* _RECORDS SHOWN_

════════════════════

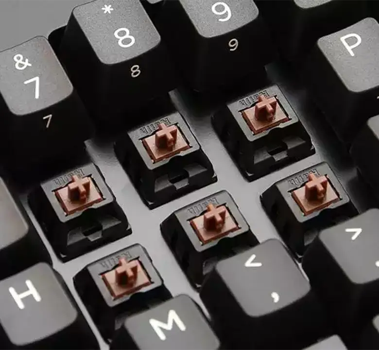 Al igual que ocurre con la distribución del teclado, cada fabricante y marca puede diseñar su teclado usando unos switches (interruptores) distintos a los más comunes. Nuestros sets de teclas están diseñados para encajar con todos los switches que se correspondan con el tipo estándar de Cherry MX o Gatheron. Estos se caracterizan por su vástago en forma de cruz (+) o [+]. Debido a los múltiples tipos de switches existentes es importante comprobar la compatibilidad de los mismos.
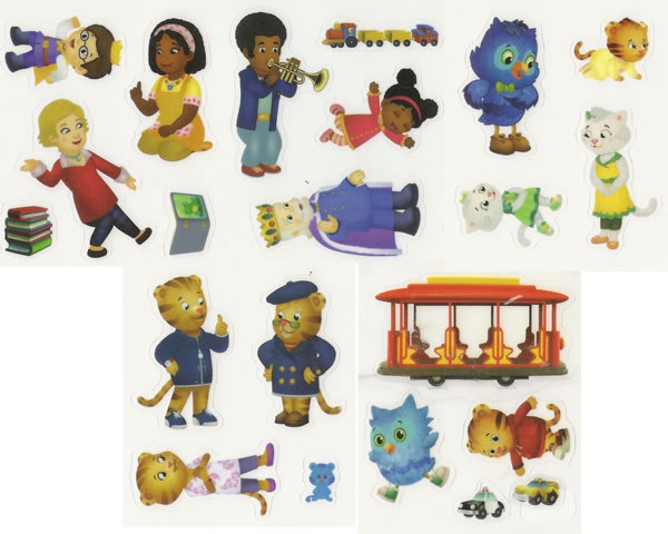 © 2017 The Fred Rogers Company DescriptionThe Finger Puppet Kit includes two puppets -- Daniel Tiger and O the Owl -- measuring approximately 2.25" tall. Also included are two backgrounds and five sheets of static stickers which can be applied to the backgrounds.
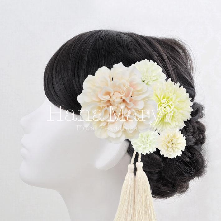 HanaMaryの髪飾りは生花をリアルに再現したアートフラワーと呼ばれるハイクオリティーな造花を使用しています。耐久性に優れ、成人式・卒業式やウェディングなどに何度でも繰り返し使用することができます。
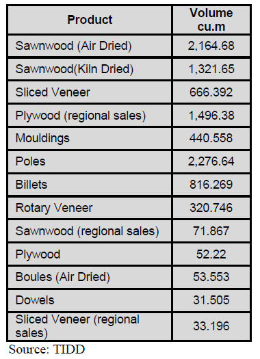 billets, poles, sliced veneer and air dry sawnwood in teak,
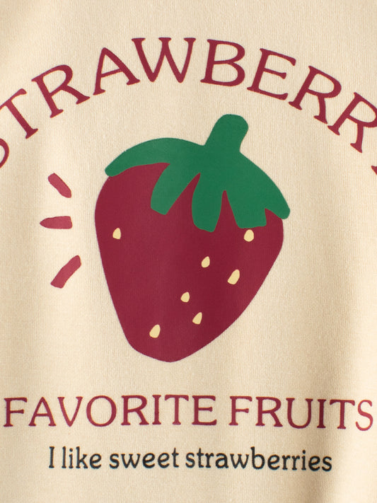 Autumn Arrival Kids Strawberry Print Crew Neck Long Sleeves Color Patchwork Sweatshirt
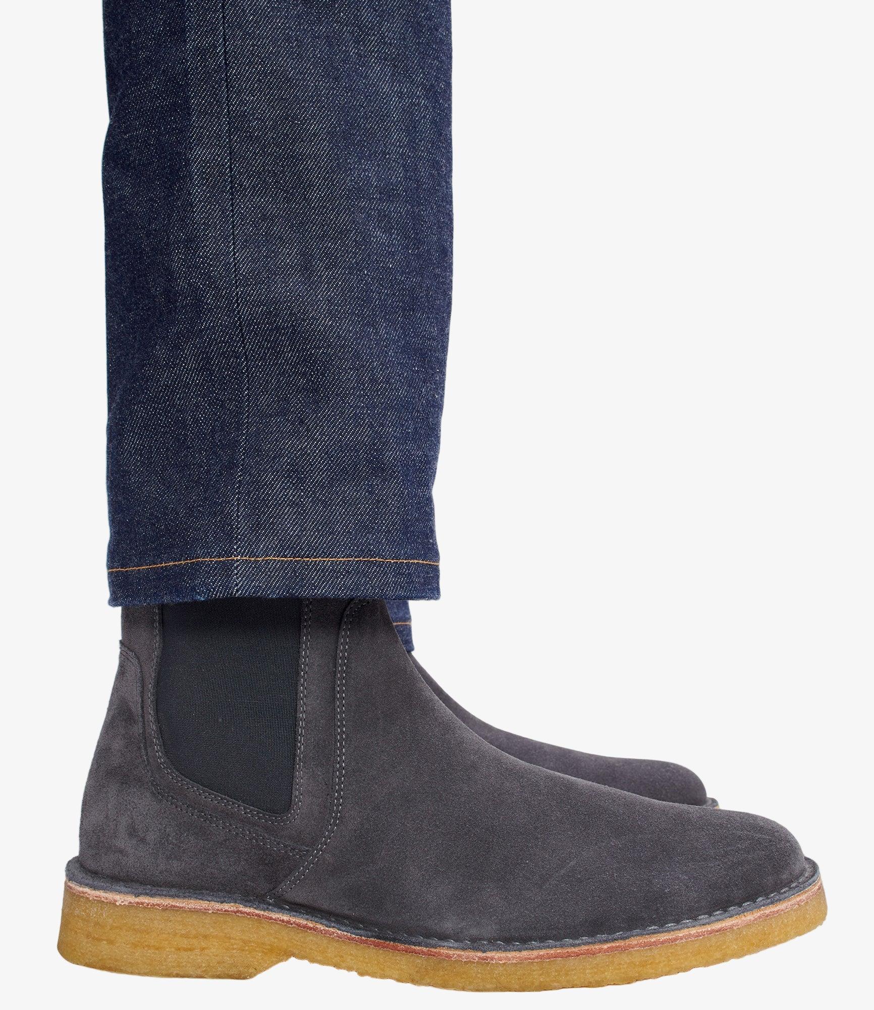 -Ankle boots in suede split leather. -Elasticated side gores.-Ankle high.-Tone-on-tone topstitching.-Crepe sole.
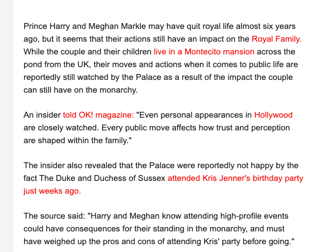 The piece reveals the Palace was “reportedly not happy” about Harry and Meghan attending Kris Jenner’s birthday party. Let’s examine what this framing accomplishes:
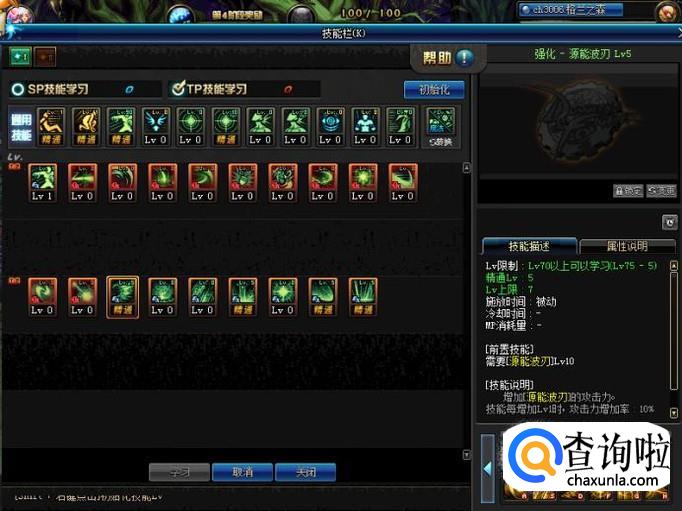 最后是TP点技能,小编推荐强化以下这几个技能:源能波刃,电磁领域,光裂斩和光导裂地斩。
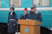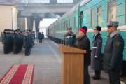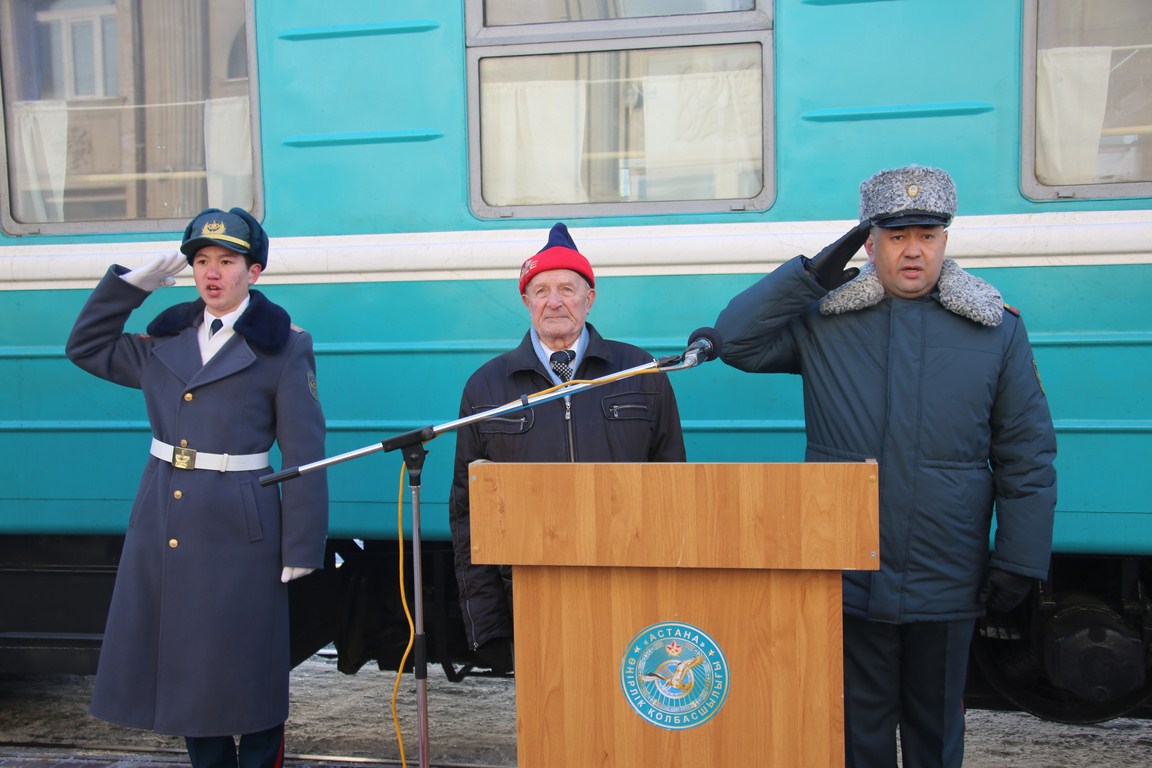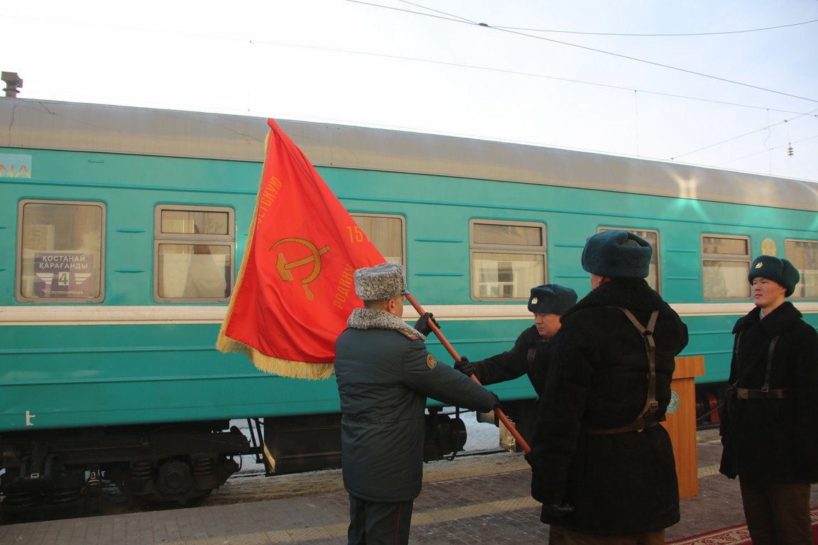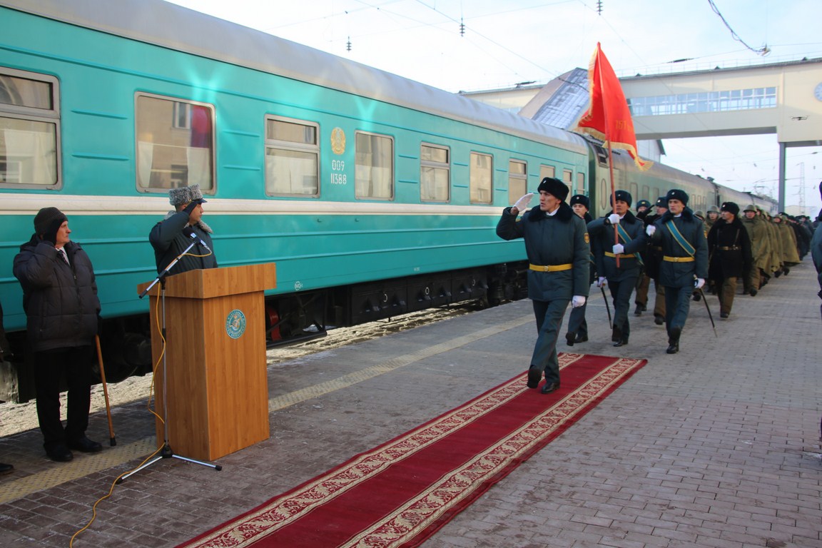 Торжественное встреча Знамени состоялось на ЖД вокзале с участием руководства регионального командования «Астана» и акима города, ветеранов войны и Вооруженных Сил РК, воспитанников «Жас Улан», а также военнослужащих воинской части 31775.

════════════════════

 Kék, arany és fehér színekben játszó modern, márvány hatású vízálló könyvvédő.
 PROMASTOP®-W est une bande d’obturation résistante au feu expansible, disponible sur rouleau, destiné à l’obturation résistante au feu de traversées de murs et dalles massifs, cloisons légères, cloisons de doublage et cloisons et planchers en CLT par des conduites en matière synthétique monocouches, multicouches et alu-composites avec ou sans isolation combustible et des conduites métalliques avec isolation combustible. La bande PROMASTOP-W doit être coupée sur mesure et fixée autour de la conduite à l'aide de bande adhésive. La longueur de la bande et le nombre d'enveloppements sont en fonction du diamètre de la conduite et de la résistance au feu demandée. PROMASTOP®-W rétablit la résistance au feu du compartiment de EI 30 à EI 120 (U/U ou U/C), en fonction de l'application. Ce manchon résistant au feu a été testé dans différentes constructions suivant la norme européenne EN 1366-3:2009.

════════════════════

* _WHAT TO DO_
Extract, without any images, the part of the material above that opens with the line containing "to the backgrounds." and closes with the line containing "Торжественное встреча Знамени", both lines included.

* _SOLUTION TO THIS EXERCISE_
 © 2017 The Fred Rogers Company DescriptionThe Finger Puppet Kit includes two puppets -- Daniel Tiger and O the Owl -- measuring approximately 2.25" tall. Also included are two backgrounds and five sheets of static stickers which can be applied to the backgrounds.
 HanaMaryの髪飾りは生花をリアルに再現したアートフラワーと呼ばれるハイクオリティーな造花を使用しています。耐久性に優れ、成人式・卒業式やウェディングなどに何度でも繰り返し使用することができます。
 billets, poles, sliced veneer and air dry sawnwood in teak,
 Autumn Arrival Kids Strawberry Print Crew Neck Long Sleeves Color Patchwork Sweatshirt
 -Ankle boots in suede split leather. -Elasticated side gores.-Ankle high.-Tone-on-tone topstitching.-Crepe sole.
 The piece reveals the Palace was “reportedly not happy” about Harry and Meghan attending Kris Jenner’s birthday party. Let’s examine what this framing accomplishes:
 最后是TP点技能,小编推荐强化以下这几个技能:源能波刃,电磁领域,光裂斩和光导裂地斩。
 Торжественное встреча Знамени состоялось на ЖД вокзале с участием руководства регионального командования «Астана» и акима города, ветеранов войны и Вооруженных Сил РК, воспитанников «Жас Улан», а также военнослужащих воинской части 31775.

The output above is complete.